Although she was deeply influenced by Billie Holiday, and she released two Holiday tribute albums, Abbey Lincoln had a stunning voice in her right and was also a fine composer. While Lincoln released some fine records early in career, like 1961's Straight Ahead, some of her Verve output throughout the '90s and 2000s were quite compelling, including 1994's A Turtle's Dream and her gorgeous final album, Abbey Sings Abbey, released in 2007, three years before her death the age of eighty.

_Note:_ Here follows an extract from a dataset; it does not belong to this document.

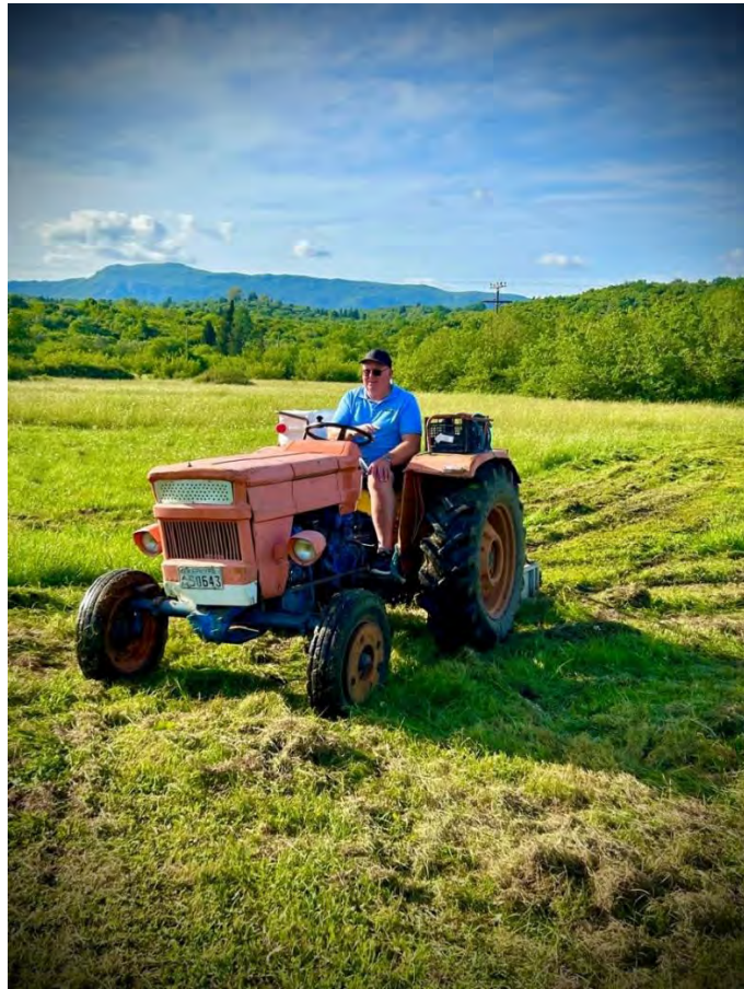
Roger that's not a plane or a left-hand circuit.

Betty Carter was one of jazz's more daring and dexterous scat singers, which is evident on many of her albums, especially the 1980 live album, The Audience With Betty Carter, and she also had exquisite way of delivering a line. While she performed with Lionel Hampton and Dizzy Gillespie in the late '40s, her career got something of a jump start after releasing 1961's Ray Charles and Betty Carter, which featured the cut "Baby, It's Cold Outside," which is, hands down, one of the best holiday songs ever.
Although Dinah Washington delved into blues, R&B and pop, she was also a first-rate jazz singer. After singing gospel early in her life, she began performing in Chicago clubs as a teenager in the early '40s, and later joined Lionel Hampton's band. Her 1954 Polygram release, Dinah Jams, which was arranged by Quincy Jones and features jazz heavies like Clifford Brown and Max Roach, was one of her early great jazz discs, and the title track from the more mainstream What a Diff'rence a Day Makes! earned Washington a Grammy in 1960.

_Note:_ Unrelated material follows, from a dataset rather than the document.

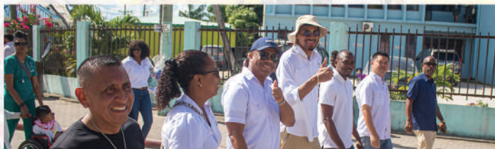
Child Stimulation Month Parade 2025 Page 6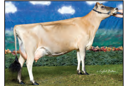
JASPAR R EVENING MOON-ET Dam of Lot 1

With a background in gospel and pop and a fondness for classical music, especially J.S. Bach, Nina Simone injected some of those influences into her jazz singing and piano playing. While Simone's instantly recognizable deep, resonant voice was part of her appeal, her competent piano skills were equally compelling on her early recordings like 1957's Little Girl Blue, which featured an excellent rendition of Duke Ellington's "Mood Indigo," and Live at the Village Gate, released five years later, that included the great "Just in Time."
Billie Holiday's distinctive and lilting phrasing is still highly influential on vocalists today, but she also brought a deeply personal resonance to whatever she sang. Throughout the '30s, she worked with Teddy Wilson, Artie Shaw and Count Basie, and near the end of that decade, she recorded the profound "Strange Fruit," which was based on a poem about a lynching. Lady Sings the Blues, released in 1956, was a watershed album for Holiday, and the powerful Lady in Satin, both sad and beautiful, was released weeks after her death in 1959 at the age of 44.
In the fall of 1942, an eighteen-year-old Sarah Vaughan entered the Apollo Theater Amateur Night contest and ended up winning $10 and a weeklong engagement at the legendary venue. The following spring, Vaughan opened for Ella Fitzgerald at the Apollo, and then spent the next two years touring with Earl Hines and Billy Eckstine. With amazing control of her voice and intonation, as well as a remarkable range, Vaughan released some stellar albums in the '50s, including her great self-titled disc with Clifford Brown and the 1957 live Verve album, At Mr. Kelly's.
Ella Fitzgerald was clearly one of the most technically proficient vocalists of all time. She had remarkably pure phrasing and delivery, plus an innate sense of swing and an exceptional ability to scat sing. While she released dozens of albums over six-decade career, which began in the '30s, her George and Ira Gershwin, Cole Porter, Jerome Kern, Irving Berlin, and Harold Arlen songbook albums are outstanding, as are her albums with Louis Armstrong, including 1956's Ella & Louis and their magnificent rendering of Porgy & Bess. Mack the Knife: The Complete Ella in Berlin, recorded when Fitzgerald was 43, is hailed as one of her definitive live albums.